Understudy
Record once. Ship a signed agent. Understudy turns any 60-second screen recording into a signed, production-deployed web agent with a typed federated GraphQL API and persistent memory — no code, no prompts. Show it once, ship it forever.
Inspiration
Every team at every company has three or four workflows that should be agents but never are — the weekly CSV export, the multi-tab reconciliation, the "ping me when that vendor's status page flips." Building each one takes 1–2 weeks even with modern browser-use frameworks. The bottleneck isn't the model. It's the glue: typed API, schema synthesis, memory, deploy target, supply-chain hardening, and governance.

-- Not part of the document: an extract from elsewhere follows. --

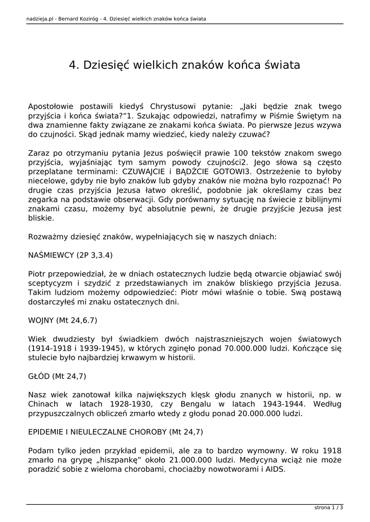 nadzieja.pl - Bernard Koziróg - 4. Dziesięć wielkich znaków końca świata 4. Dziesięć wielkich znaków końca świata Apostołowie postawili kiedyś Chrystusowi pytanie: „Jaki będzie znak twego przyjścia i końca świata?”1. Szukając odpowiedzi, natrafimy w Piśmie Świętym na dwa znamienne fakty związane ze znakami końca świata. Po pierwsze Jezus wzywa do czujności. Skąd jednak mamy wiedzieć, kiedy należy czuwać? Zaraz po otrzymaniu pytania Jezus poświęcił prawie 100 tekstów znakom swego przyjścia, wyjaśniając tym samym powody czujności2. Jego słowa są często przeplatane terminami: CZUWAJCIE i BĄDŹCIE GOTOWI3. Ostrzeżenie to byłoby niecelowe, gdyby nie było znaków lub gdyby znaków nie można było rozpoznać! Po drugie czas przyjścia Jezusa łatwo określić, podobnie jak określamy czas bez zegarka na podstawie obserwacji. Gdy porównamy sytuację na świecie z biblijnymi znakami czasu, możemy być absolutnie pewni, że drugie przyjście Jezusa jest bliskie. Rozważmy dziesięć znaków, wypełniających się w naszych dniach: NAŚMIEWCY (2P 3,3.4) Piotr przepowiedział, że w dniach ostatecznych ludzie będą otwarcie objawiać swój sceptycyzm i szydzić z przedstawianych im znaków bliskiego przyjścia Jezusa. Takim ludziom możemy odpowiedzieć: Piotr mówi właśnie o tobie. Swą postawą dostarczyłeś mi znaku ostatecznych dni. WOJNY (Mt 24,6.7) Wiek dwudziesty był świadkiem dwóch najstraszniejszych wojen światowych (1914-1918 i 1939-1945), w których zginęło ponad 70.000.000 ludzi. Kończące się stulecie było najbardziej krwawym w historii. GŁÓD (Mt 24,7) Nasz wiek zanotował kilka największych klęsk głodu znanych w historii, np. w Chinach w latach 1928-1930, czy Bengalu w latach 1943-1944. Według przypuszczalnych obliczeń zmarło wtedy z głodu ponad 20.000.000 ludzi. EPIDEMIE I NIEULECZALNE CHOROBY (Mt 24,7) Podam tylko jeden przykład epidemii, ale za to bardzo wymowny. W roku 1918 zmarło na grypę „hiszpankę” około 21.000.000 ludzi. Medycyna wciąż nie może poradzić sobie z wieloma chorobami, chociażby nowotworami i AIDS. strona 1 / 3 nadzieja.pl - Bernard Koziróg - 4. Dziesięć wielkich znaków końca świata TRZĘSIENIA ZIEMI (Mt 24,7) Wiek XX był świadkiem dwóch największych trzęsień ziemi w historii świata: w Chinach w roku 1920 zginęło 180.000 osób; w Japonii w roku 1923 — 1.500.000, a 200.000 osób uznano za zaginione. Trzęsienie ziemi w Japonii uważane jest przez wielu za największą katastrofę po potopie. WIEDZA I UMIEJĘTNOŚĆ (Dn 12,4) Jesteśmy świadkami wielkiej eksplozji wynalazczości. Człowiek dokonał w ostatnim wieku większego postępu w dziedzinie wiedzy niż we wszystkich wiekach razem wziętych (technika, medycyna, transport, łączność i inne). TECHNIKA (Dn 12,4) W wieku XX człowiek przekroczył kilkakrotnie barierę szybkości. Samoloty ponaddźwiękowe, rakiety i satelity latają jak „błyskawice”. Największy postęp jednak zanotowano w komputeryzacji. Tempo w tej dziedzinie jest tak ogromne, że to, co wczoraj było hitem, dzisiaj odstawiamy na bok, a jutro trzeba będzie wyrzucić albo odstawić do muzeum. NIEBEZPIECZNE DNI (2Tm 3,1-3) Mimo posiadania najdoskonalszych środków i przy stosowaniu najlepszych metod zwalczania przestępczości, bezprawie, rabunek, gwałt i wszelkiego rodzaju zło alarmująco wzrasta. Organa sprawiedliwości potrafią niekiedy ukrócić zło (założyć kajdanki), lecz nie potrafią uleczyć. STRACH (Łk 21,25.26) Mimo ogromnego postępu technicznego nie udało się zlikwidować czynników powodujących strach. Strach przed przestępczością, bezrobociem, samotnością czy głodem pojawia się wszędzie tam, gdzie żyją ludzie. DNI NOEGO (Mt 24,37-39) Za dni Noego całą cywilizację ogarnęła skandaliczna niemoralność. Tak jak i dzisiaj. Najsmutniejszy jest fakt, że nigdy przedtem nie było tak szeroko rozwiniętej oświaty i znajomości prawa jak obecnie, co jednak nie przeszkadza ludzkości brnąć w najgorszym bagnie niemoralności. Gdy omawiamy listę tych wszystkich znaków, niektórzy protestują: „Przestępczość, wojny, trzęsienia ziemi i inne przytoczone znaki zdarzały się często i były uznawane w przeszłości jako dowody bliskiego przyjścia Chrystusa, przez co ludzie doznawali rozczarowań. Tamci wyjaśniali i stosowali znaki niewłaściwie. Czy my dzisiaj nie popełniamy tych samych błędów?”. Ludzie podnoszący taki zarzut strona 2 / 3 nadzieja.pl - Bernard Koziróg - 4. Dziesięć wielkich znaków końca świata zapominają o ogromnej różnicy, jaka zaistniała w naszym wieku w stosunku do wieków poprzednich. Sprawa jest bardzo prosta. Dziś po raz pierwszy od czasu zmartwychwstania i wniebowstąpienia Jezusa wszystkie przepowiedziane ważniejsze znaki wypełniają się równocześnie! W przeszłości niektóre z przepowiedzianych znaków pojawiły się sporadycznie, lecz nigdy nie pojawiały się równocześnie, tak jak ma to miejsce obecnie! Jezus nigdy nie kazał wierzyć w bliskość swego powtórnego przyjścia na podstawie jednego zauważonego znaku. Gdy jednak pojawią się na niebie i na ziemi wszystkie znaki jednocześnie, to ich spotęgowana moc przekonywująca będzie bezbłędnym znakiem bliskości Dnia Pańskiego. Będą one takim świadectwem mocy, jak gdyby Bóg głosem grzmotu ogłaszał ten nadchodzący dzień lub pisał wielkimi literami na nieboskłonie. Przypisy: 1 Mt 24,3. 2 Mt 24 i 25. 3 Mt 24,42-44; 25,13. strona 3 / 3 Powered by TCPDF (www.tcpdf.org)

The agentic-browser space is crowded at the consumer surface (Adept, Multion, Rabbit, Claude Computer Use, OpenAdapt). It's thin where enterprises actually live: governance + supply chain + memory. We wanted to collapse the 2-week loop to ~90 seconds — and do it in a way an enterprise would accept: every agent signed, every build attested, every runtime verified before it boots.
That's Understudy. Meta-agentic, not agentic. The deliverable of a 60-second recording is a running, signed, federated web agent — not a chatbot.
What it does
- Record a 60-second screen workflow in your browser.
- Three Gemini models synthesize it in three passes — action detection, intent abstraction, script emission.
- Wundergraph Cosmo Dream Query figures out the agent's ideal GraphQL query shape and emits the SDL delta needed to serve it, validated against live client traffic.
- Chainguard wolfi-base builds the agent image with a build-time SBOM and an SLSA L2 provenance predicate, signed keyless via cosign + Fulcio and anchored in the Rekor transparency log.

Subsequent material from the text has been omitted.